= ABOUT THIS TASK =
Reproduce every line of the listing as written, apart from the pictures.

= INFORMATION SHOWN =
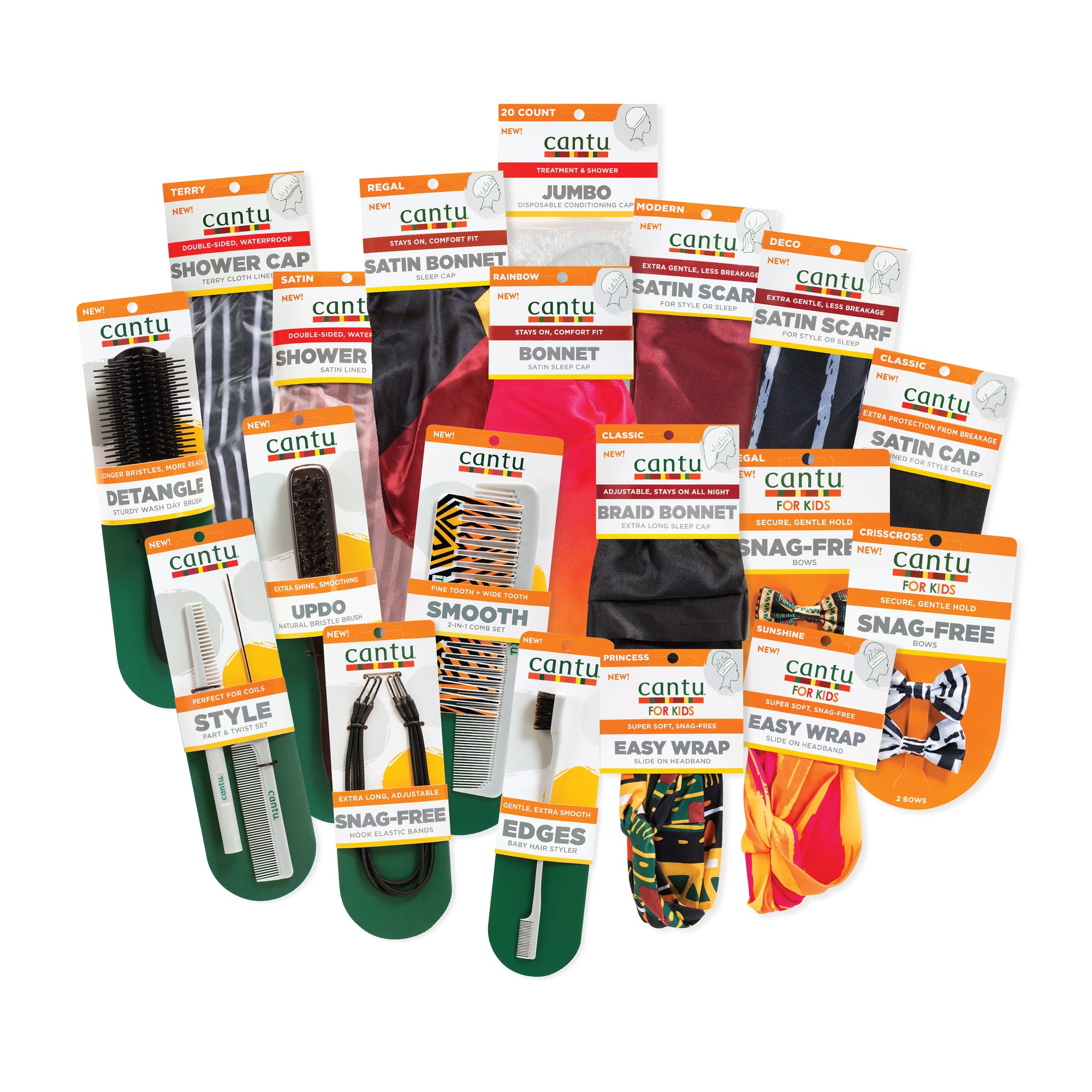 Cantu Beauty introduced accessories in 2018 with products such as Detangling and Paddle Brushes, Turban Wraps and Accent Charms for consumers to accent their braids and locs. The newest phase of accessories builds on those items with additional featured items designed specifically for the needs of textured hair including the Braid Bonnet and Snag-Free Elastic Bands. There will also be accessories specifically for young girls including elastic bows.
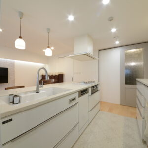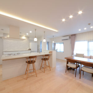 間接照明×ダウンライトでホテルライクなLDK。 キッチンに立ちながら家族の様子も見渡せる開放的な空間に。
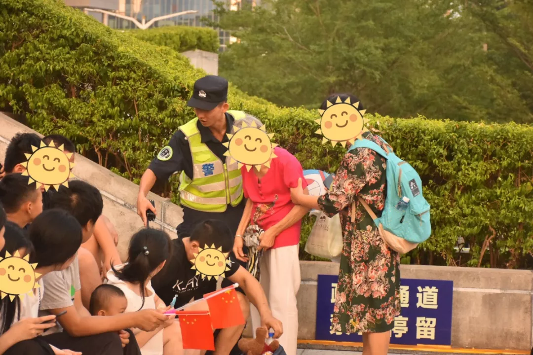10月2日燈光秀現(xiàn)場(chǎng),深圳市公安局福田公安分局機(jī)動(dòng)訓(xùn)練大隊(duì)摩托車中隊(duì)隊(duì)員幫助年邁的老奶奶尋找合適的觀燈位置。

= EXPECTED ANSWER =
 Cantu Beauty introduced accessories in 2018 with products such as Detangling and Paddle Brushes, Turban Wraps and Accent Charms for consumers to accent their braids and locs. The newest phase of accessories builds on those items with additional featured items designed specifically for the needs of textured hair including the Braid Bonnet and Snag-Free Elastic Bands. There will also be accessories specifically for young girls including elastic bows.
 間接照明×ダウンライトでホテルライクなLDK。 キッチンに立ちながら家族の様子も見渡せる開放的な空間に。
10月2日燈光秀現(xiàn)場(chǎng),深圳市公安局福田公安分局機(jī)動(dòng)訓(xùn)練大隊(duì)摩托車中隊(duì)隊(duì)員幫助年邁的老奶奶尋找合適的觀燈位置。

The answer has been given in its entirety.